Her selfless pursuit has earned her a place in the coveted Forbes India W-Power 2021 list, which holds some of the most famous personalities like former SBI chairman Arundhati Bhattacharya, actress Sanya Malhotra and Rasika Duggal.

45-year-old Matilda is an Accredited Social Health Activist (ASHA) from Gargadbahal village in Baragaon tehsil of Odisha’s Sundargarh district. She has been working as a healthcare worker in the region since the last 15 years.

Matilda’s life teaches how small steps can bring magnificent changes in the world. Her every day starts with the day break and all the household chores like preparing lunch for a family of four (husband and two children) and feeding the cattle.

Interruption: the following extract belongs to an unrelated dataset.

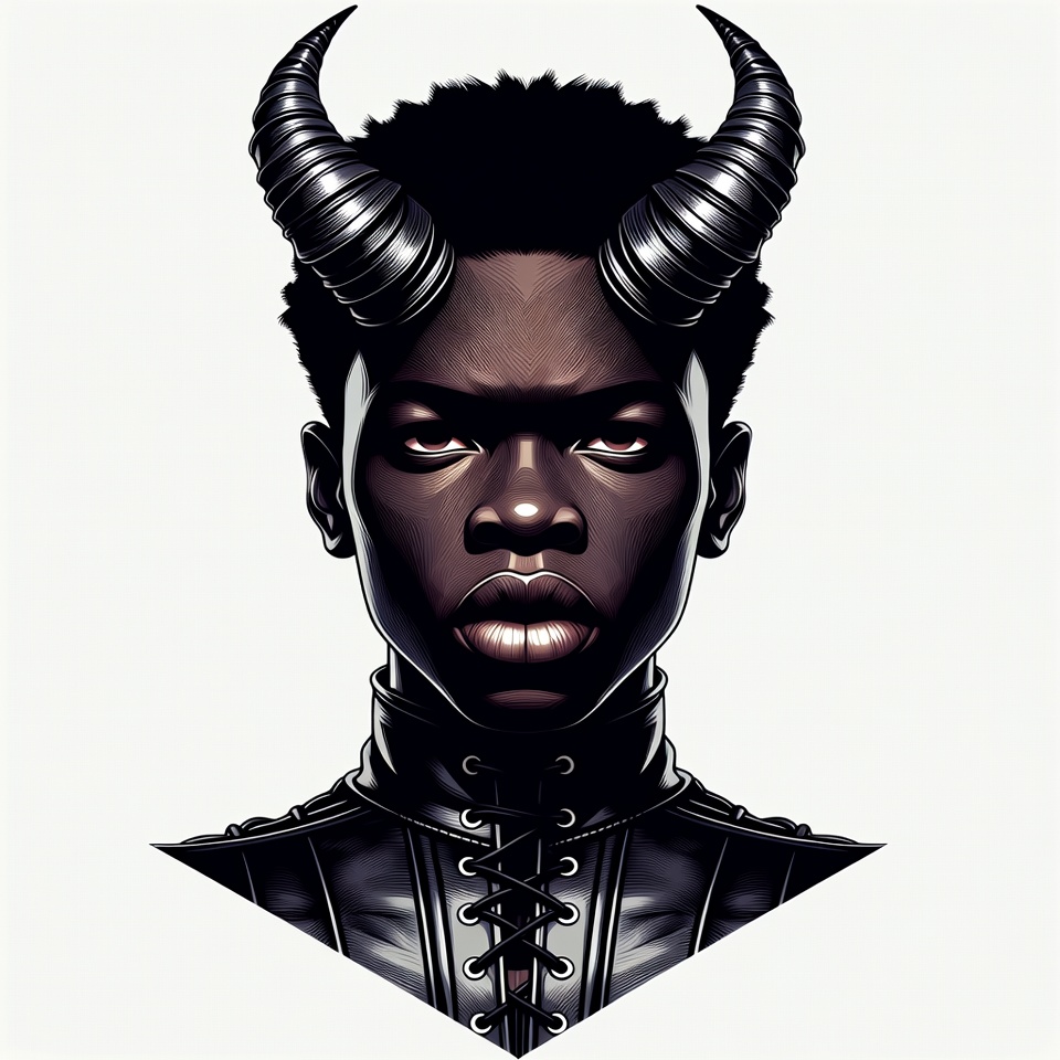 A digital illustration of an African man with a stern expression and large curved black demon horns protruding from his short curly black hair. He wears a black leather collar and outfit with lacing details. The portrait is set against an isolated white background.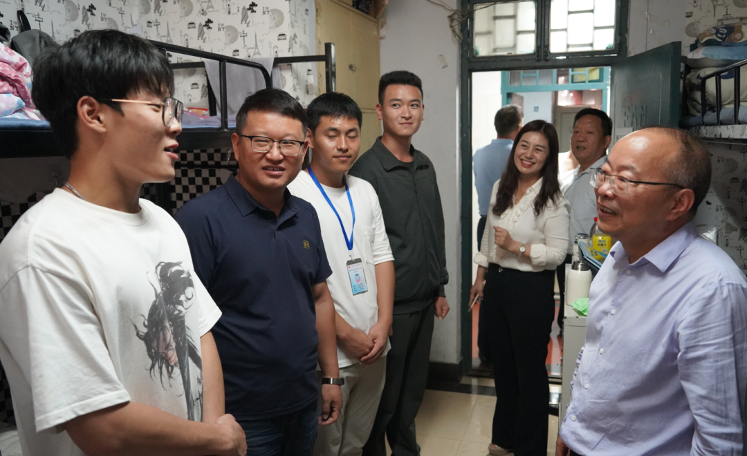 9月13日中午,校党委书记李国锋、党委副书记柴瑞帅、学生处负责人贾玉海等一行走访经济贸易学院学生宿舍,了解同学们的生活情况,为同学们送去亲切的问候和关心。

She then visits door-to-door for health screening on her bicycle.

Matilda looks after the health of a total of 964 people of her village and thanks to her efforts, the local people are more than happy as it has brought revolutionary changes in their awareness. When she joined as an Asha in 2005, the residents of Gargadbahal mostly took to black magic when ill and skipped visiting hospitals for treatment. However, Matilda worked on educating people for years and convinced them to take appropriate medical care instead of relying on quacks.

But the change that Matilda managed to fructify did not come easy as it seems. Apart from local people’s serious stigma towards new awareness, Matilda had to bear the brunt of casteism and untouchability during house visits since she belonged to a Scheduled Tribe.

“I have been serving the people in the village since the last 15 years. When I was initially recruited as ASHA worker, I started working forcefully as I had to face lot of criticisms who were superstitious. Later, I developed interest in my work and enjoyed helping people and educating them. The villagers have now slowly shedded off their superstitious attitude,” said the ASHA worker.

Apart from door-to-door visit, Matilda provides medicines, helps expecting mothers to visit hospitals and in their deliveries. Her other regular tasks include antenatal/postnatal check-ups, immunisation, sanitisation, promoting hygiene, administering polio and other vaccines, conducting surveys and so on.

With the outbreak of Coronavirus pandemic in 2019, she had to work for additional hours as a Covid-19 warrior. However, with a meagre income of Rs 4,500, she has been struggling to run her household.

Matilda’s husband is a farmer and she has two children who are studying. She also does tailoring work to make ends meet.

Matilda had tested positive for Covid during the second wave of the pandemic and had to rejoin work in just two weeks. “I had to manage both—field work and family during the lockdown. I have two children and sometimes, I used to ignore them for my duty. At a time when people stayed indoors, I used to visit homes to visit houses for health check-ups and educate the villagers about the new virus,” she said.

Prasing Matilda’s efforts, a local of Gargadbahal village said “When any villager suffers from cold and cough, she gives medicines. But in case of serious situation, she herself calls upon ambulance and takes them to hospital.”

Matilda’s daughter said, “She loves helping people in need. Though we are always worried for her as might contract Covid-19 anytime, she is a health worker and it’s her duty.”